Tonight, at the CCSC’s Committee on Manhattanville Expansion’s panel on the subject, several professors joined Provost Alan Brinkley and Vice President of Facilities Phil Pitruzzelo to discuss the remaining ethical concerns surrounding displacement and gentrification and to largely ignore the question of what’s going into the Manhattanville site. This is because, Pitruzzelo explained, except for some of the buildings in Phase I of the plan—which includes moving the Business School, SIPA, and the SoA, and building the Mind, Brain and Behavior Center—Columbia hasn’t decided what to do with the northern portion of the site.  But no matter, on to what the professors had to say.


Brinkley began the evening with a sweeping statement: “The Manhattanville project is the most important event in the Columbia’s history since the University moved here from midtown in the 1890s.” (And to think that this whole time we’ve been lead to believe it was the ’68 protests.)  He continued, “We have to find room for expansion or we have to accept that Columbia will not remain among the leading universities in the world as we are today.”  

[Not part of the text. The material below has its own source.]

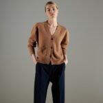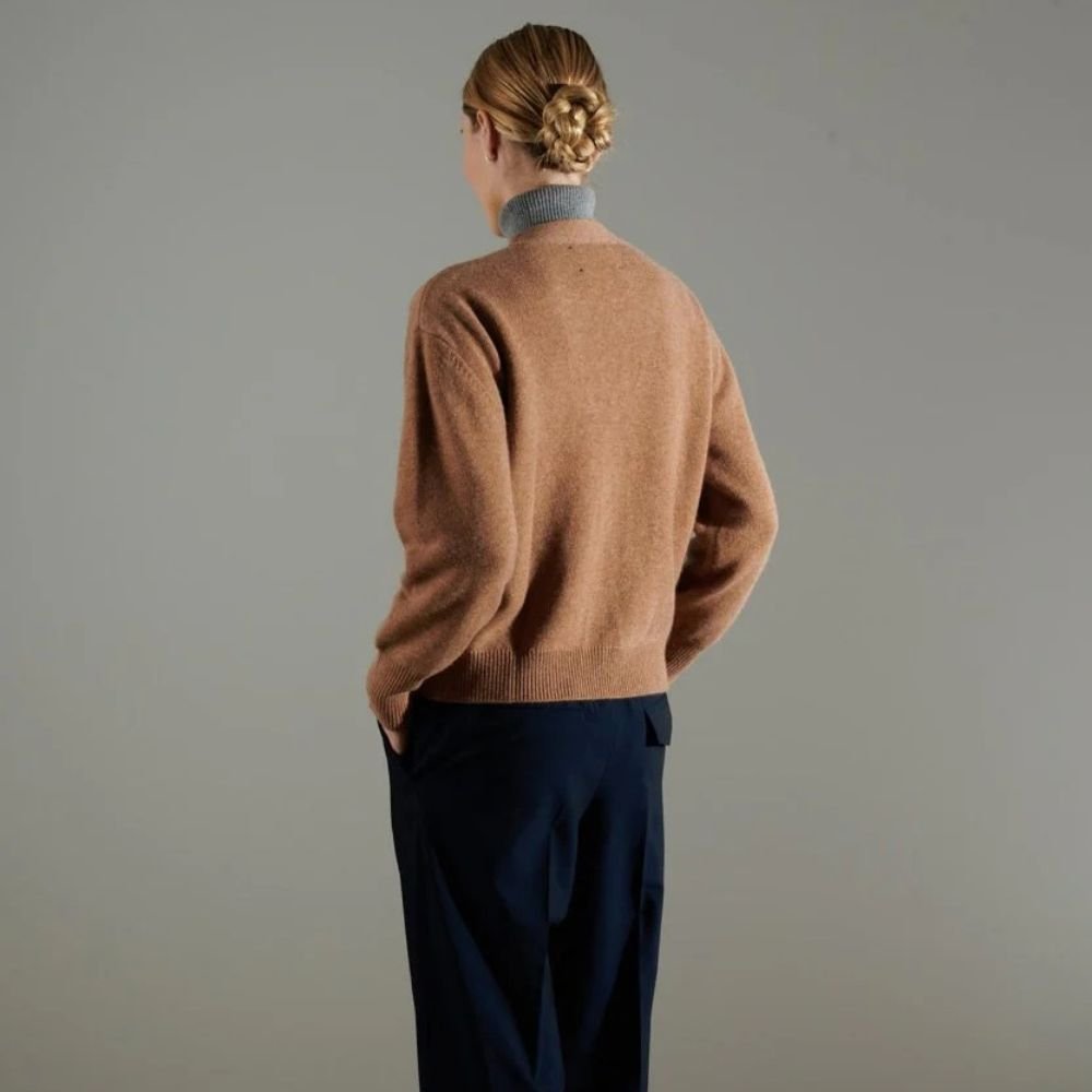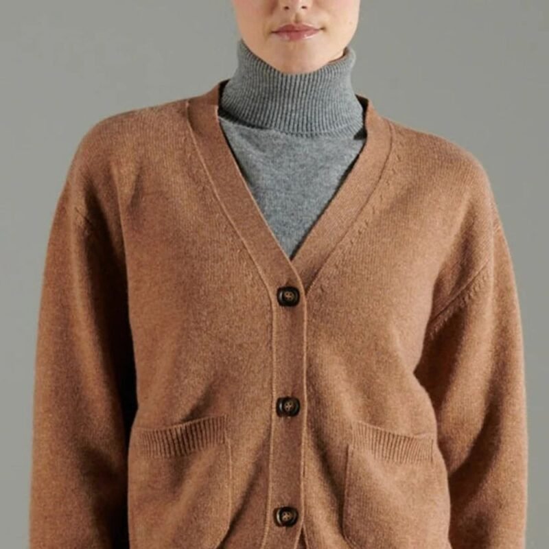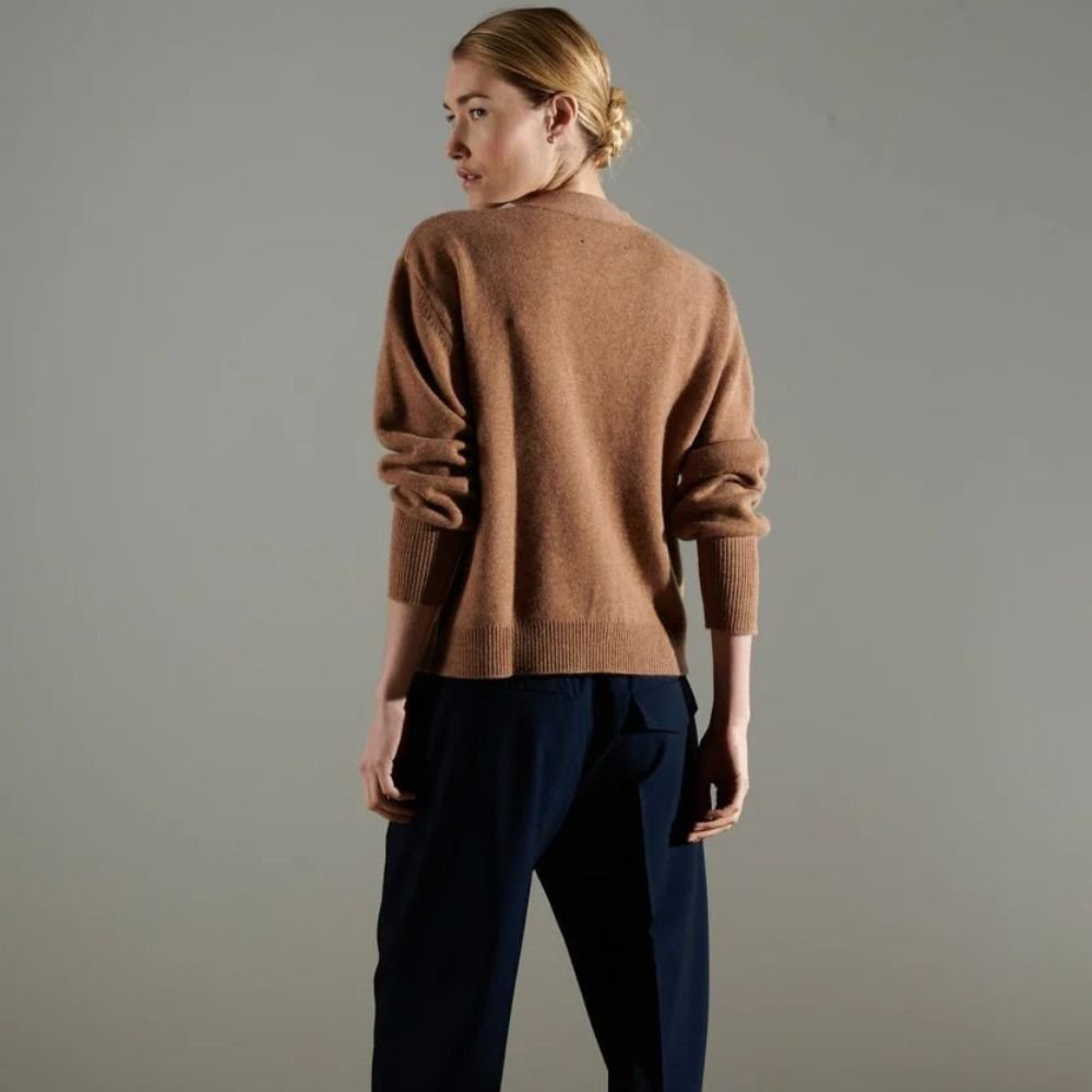 Damen-Cardigan aus 4-fädigem Kaschmir in Camel mit V-Ausschnitt – NAMI 1

Following Brinkley was Elliott Sclar, a professor at the Graduate School of Architecture, who said that development would happen regardless of whether or not Columbia expands.  Sclar doesn’t see the school’s expansion as a matter of gentrifying West Harlem, given that Columbia needs cheap housing around it, too.  “Gentrification isn’t something that’s in Columbia’s interest,” he said. “Columbia doesn’t need to be surrounded by investment bankers…”

Urban Economics Professor Brendan O’Flaherty also offered his opinion on the expansion—a rare occurrence, he noted.  “I’ve never said anything about Manhattanville before and I probably never will again.” O’Flaherty went on a bit of a rant about how Columbia doesn’t pay property taxes (it’s a non-profit organization) and he thinks it should.  But on the expansion itself, “this is dropping a pebble into a river as far as New York is concerned.”  

The evening’s discussion, much to this viewer’s chagrin, remained rather staid.  There’s something passé about debating the morality of the project, given that  preliminary construction and utility work will begin this summer.


For more on professors’ reactions to the Manhattanville expansion, check out this article in the February issue of The Blue and White. 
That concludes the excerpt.